Тайком от водителя Сергей Федорович, слегка развернув обертку, поглаживал уложенный в портфель хлыст, и живописные картины «решительных и крутых мер» сами собой возникали в его сознании. Он со смаком представлял себе, как вызывает Эльвиру для серьезного разговора... как суровым голосом разъясняет ей причины своего неудовольствия... И вот уже слетает с дочери вся эта мерзкая и наглая манера, усвоенная ею в последнее время... Робко и жалобно, как нашкодившая малолетка, она умоляет о пощаде... Но он неумолим, он тверд в своем намереньи выбить дурь из ее хорошенькой головки... Вот по его приказу дочь, жалобно подвывая, спускает до колен свои неизменные ливайсы (хоть бы когда юбку надела, как положено девчонке!) и покорно выставляет соблазнительно округлый задик (не далее как сегодня утром Эльвира, нахально шмыгнув перед носом отца в ванную, дала ему возможность хорошо рассмотреть свой «постерьор», прикрытый одними лишь непристойно крохотными и к тому же совершенно прозрачными трусиками)... Сергей Федорович заносит вооруженную хлыстом руку, и жестокая, но безусловно необходимая экзекуция начинается...

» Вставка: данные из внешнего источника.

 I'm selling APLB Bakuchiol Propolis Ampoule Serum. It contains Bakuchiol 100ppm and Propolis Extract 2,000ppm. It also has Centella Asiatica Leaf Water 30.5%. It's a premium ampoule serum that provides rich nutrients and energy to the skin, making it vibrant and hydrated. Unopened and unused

...Едва Сергей Федорович вошел в прихожую, как из гостиной раздался зычный голос его дородной супруги Марии Михайловны, в девичестве Непукайло:
«Вытри ноги как следует! Дуся только что пол натерла!» (Дуся была приходящей домработницей Крутиковых).
«Хорошо, Машенька» – привычно льстивым голосом отозвался Сергей Федорович и с покорностью робота принялся водить ногами по расстеленной у двери тряпке. Лишь после двухминутного обряда очищения он решился робко ступить ножкой на сверкающий паркет и, испуганно проверив ненарушенность его – паркета – невинности, проследовал в комнаты. Запечатлев на милостиво подставленной мясистой щечке жены преданный поцелуй, Крутиков собрался было пойти умыться, но в этот момент в дверях возникла дочь.
«Пап, принес?» – требовательным тоном спросила Эльвира, не считая нужным поздороваться с папашкой.
«Принес, доченька» – все тем же льстивым голосом ответил Крутиков, косясь на Марию Михайловну. Предупреждая готовое сорваться с губ дочери приказание, он расстегнул портфель и, достав из него сверток, протянул Эльвире. Та немедленно развернула упаковку и с восторгом оглядела хлыст.
«Джулька! Джулька!» – заорала Эльвира, как всегда забыв поблагодарить отца за исполненное поручение.
На ее зов в комнату на рысях влетела здоровенная молодая догиня и, привычно рыкнув на привычно съежившегося Крутикова, с радостным визгом кинулась передними лапами на грудь своей хозяйке.
«Ну, Джулька, держись теперь!» – воскликнула Эльвира, одной рукой обнимая псину за шею, а другой размахивая в воздухе поскрипывающим новеньким хлыстом. – «Теперь-то уж я займусь твоим воспитанием!»